MSW & JD Dual Degree
For two GSSW students, social work and law provide a strong foundation for systems change
For University of Denver Graduate School of Social Work (GSSW) students Phoebe Blessing and Mary Kelly, field education internships have given them a chance to see how their social work and law dual degrees will pay off down the road.
Blessing was working in medicine when she became frustrated with inequities in health care access. An MSW/JD dual degree with an MSW concentration in organizational leadership and policy practice will make it possible for her to work toward developing more equitable policies. As an intern on the ACLU of Colorado policy team, Blessing worked on the Colorado Rights Act (HB20-1287). Introduced in February 2020, the bill, which didn’t pass, would have allowed civil lawsuits in state courts against Colorado governments for violations of state Constitutional rights, including free speech.
In the ACLU role, she’s worn both social work and legal hats.

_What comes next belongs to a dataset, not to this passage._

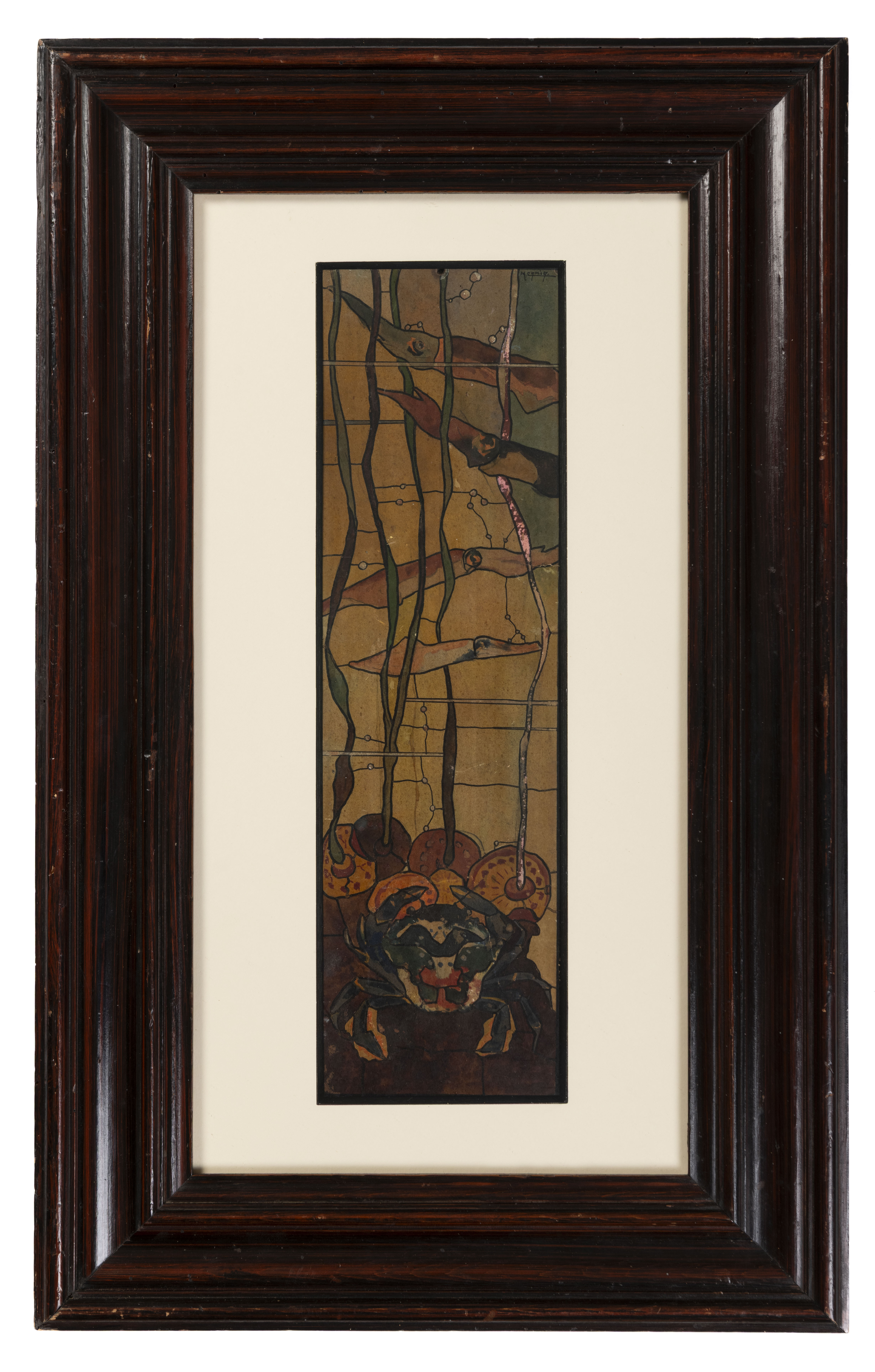 Inscribed Calmar (Loligo Vulgaris) / Crabe (portunus Armatus) / et / Algues (himanthalia lorea) in pencil on the reverse of the panel.

“I spent the first few months doing legal research and drafting language for the bill; then as we were trying to get it introduced, get votes and a hearing, I was reaching out to individuals who have heartbreaking stories and explaining to them how this bill would have helped them,” says Blessing, MSW ’20/JD ’21. “I realized how critical social work education is for recognizing the human impact, being able to communicate that and build community around policy.”
Associate Professor Jennifer Greenfield taught Blessing in her Policy Analysis course.
“Phoebe wrote an excellent brief about the impacts of COVID-19 on people who are incarcerated in Colorado. It exemplifies her ability to combine critical thinking skills and intellectual insight with empathy and care for others,” Greenfield says.
Kelly has also complemented her education with a meaningful internship. As a domestic violence victim’s advocate at the 4th Judicial District Attorney’s Office in El Paso County, she’s part of a team that contacts victims shortly after they’ve experienced trauma. Her outreach is necessarily at a time when some victims navigating the trauma of victimization.
“It’s brief solution-focused therapy, where you have about 30 minutes to get them to a place where they feel okay with what’s happening. We make calls in the morning and then, if victims decide to go to court, we go with them in the afternoon,” says Kelly, MSW/JD’ 23, whose MSW concentration is in organizational leadership and policy practice. “You have to remember they are surviving some of the worst trauma of their lives.”
Kelly says the experience has taught her the intricacies of the criminal justice system, how to best support victims of crime and the ways that our system fails victims. She plans to open a law center for victims, where survivors will be able to access legal, case management and mental health services under one roof.
Greenfield notes that Kelly’s policy analysis work has focused on ways to better support people seeking safety from intimate partner violence.
“I appreciate Mary’s dual attention on how social workers can work within the existing systems to support survivors and how they can work to improve the existing systems and policies,” Greenfield says.
Blessing and Kelly are among three students pursuing the dual Master of Social Work/Juris Doctor degree offered by the University of Denver Graduate School of Social Work and Sturm College of Law; two more will start in fall. Currently, 40 students are pursuing MSW dual degrees, and 13 are graduating this spring.
“When social work students graduate and pursue careers within the legal system, they bring empathy, innovation and a critical lens to that work,” Greenfield says. “When they choose advocacy or policy-focused careers, they bring a deeper knowledge of how and why laws are written the way they are. Either way, it’s a powerful combination.”